Henrik Nordstrom wrote:
> sön 2009-08-16 klockan 19:17 +1200 skrev Amos Jeffries:
>
>> Aha. Just connect() then? not really bind() or listen()?
>
> Correct. Bind to 0.0.0.0 is "any address".
>
>> I'm thinking that aliasing has already been done before Squid gets such
>> packets at the 'other end'. So that we only see the real localhost IP if
>> its intercepted. Right?
>
> 0.0.0.0 is not valid for use on the wire. I would expect stacks to
> discard such packets.
>
>> Problem might be DNS on forward proxy traffic, but thats validated out
>> of existence to a NXDOMAIN.
>
> ?
>
>> Leaving only hosts file entries.
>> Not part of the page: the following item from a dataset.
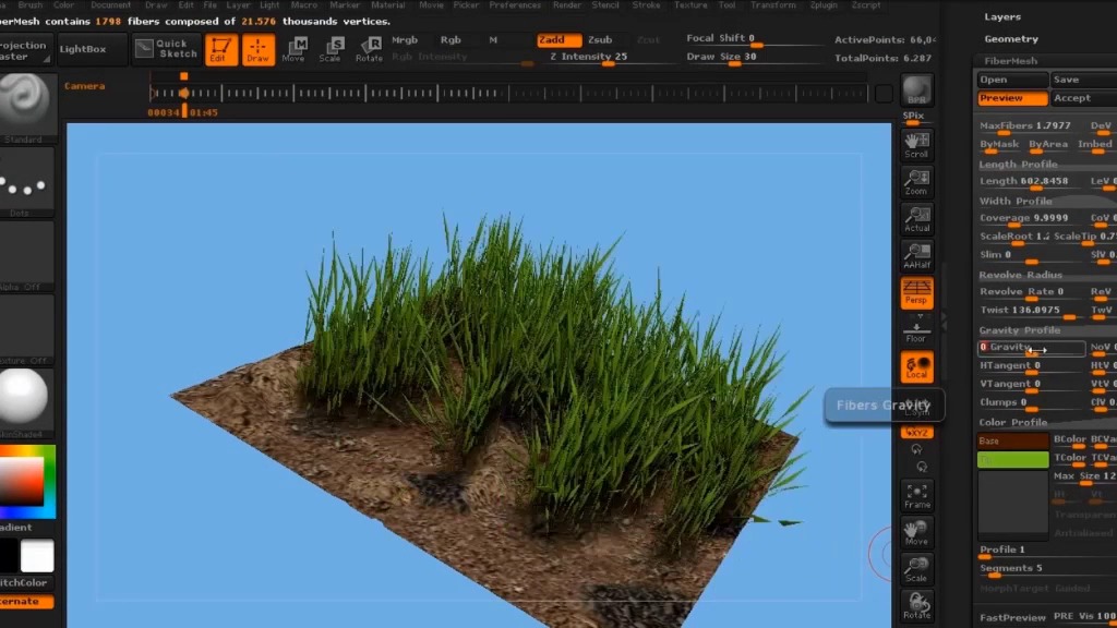 - Expand FiberMesh in the Tool panel (at most right) and click on Lightbox>Fibers

I know 0.0.0.0 is used to boganize
>> domain names at times. Because it doesn't resolve!
>
>> For the intended use of the ACL as you highlight, yes I agree it's a
>> good change. It may not be good for the reality situation though.
>
> Well, it's the same thing so doesn't matter really.
>
>> What about a bogons ACL for less confusion?
>
> dst 0.0.0.0 is not more bogon than dst 127.0.0.1.
>
Yes it is.
Consider the virtual host setup with DNS views:
foo.example.com -> 1.2.3.4 (when the public checks)
foo.example.com -> 127.0.0.1 (when Squid checks)
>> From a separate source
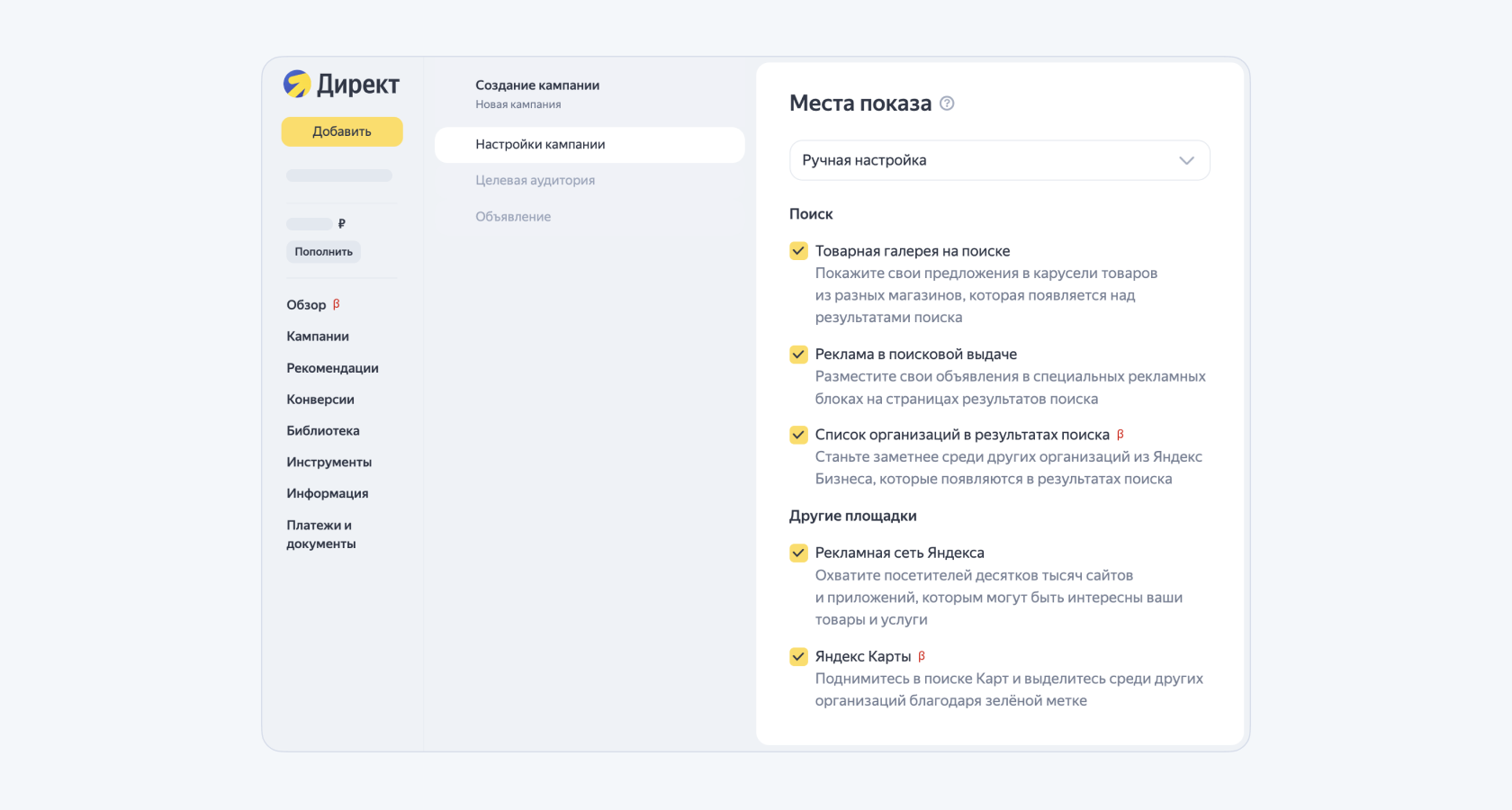 3. В блоке с местами показа добавились новые варианты — «Яндекс Карты» и «Список организаций в результатах поиска». Если карточка организации в Яндекс Бизнесе была предложена автоматически, по умолчанию будут включены все места показа: Поиск, Рекламная сеть и Карты. Если организацию добавить вручную, то места показа нужно будет выбрать самостоятельно с помощью ручной настройки.
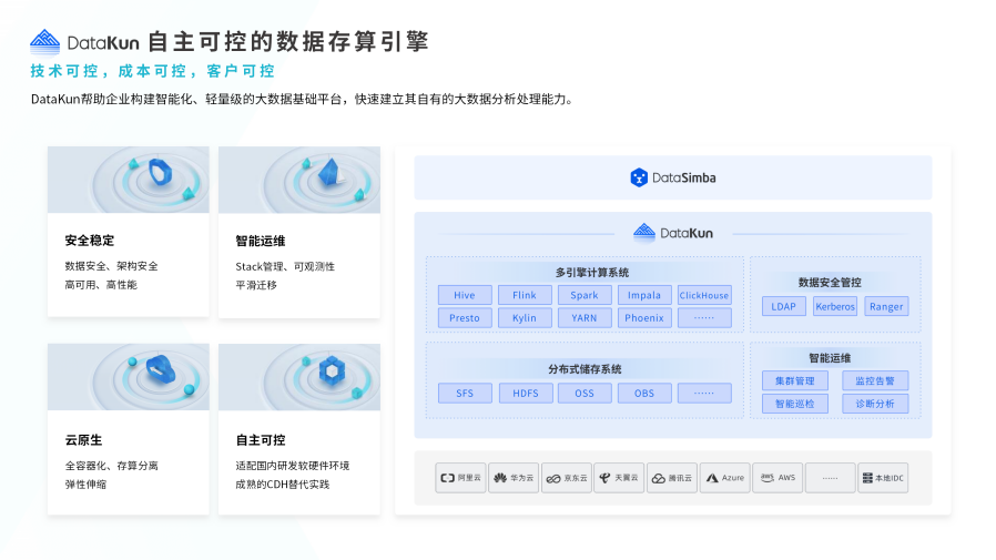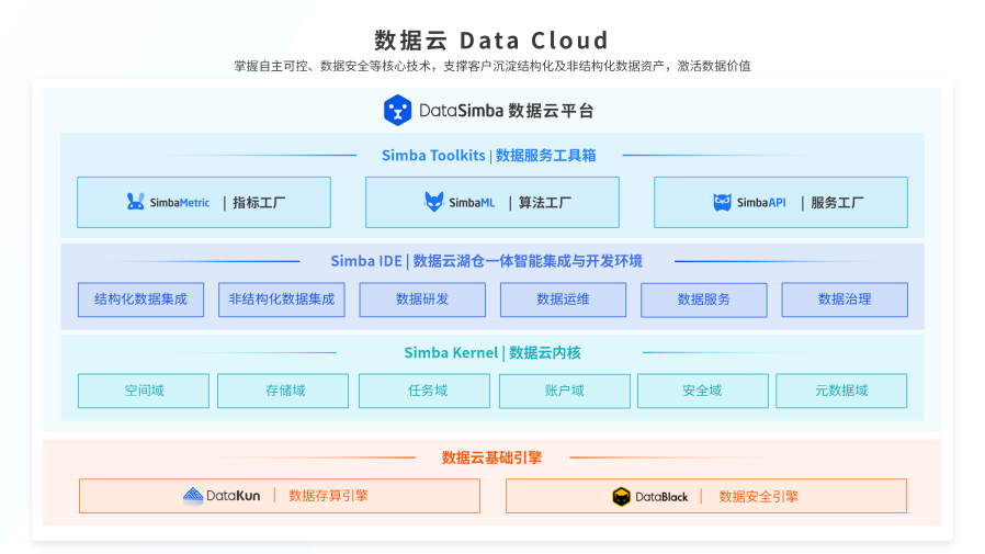 专业能力:团队由阿里前数据专家领衔,拥有超150项软件著作权与55项专利,核心产品数据云平台DataSimba以跨平台、云原生、自主可控、数据安全、湖仓一体为技术内核,搭载自研存算引擎DataKun,1小时即可完成部署,3分钟实现集群创建,轻松应对海量数据的实时处理与智能分析需求。

Squid listening on 1.2.3.4.:80
Apache listening on 127.0.0.1:80
Based on what ACL the admin can see in the config file and what they
need to do squid.conf very often gets this:
http_access allow to_localhost
cache_peer_access apache allow to_localhost
For this usage 127.* is not a bogon at all.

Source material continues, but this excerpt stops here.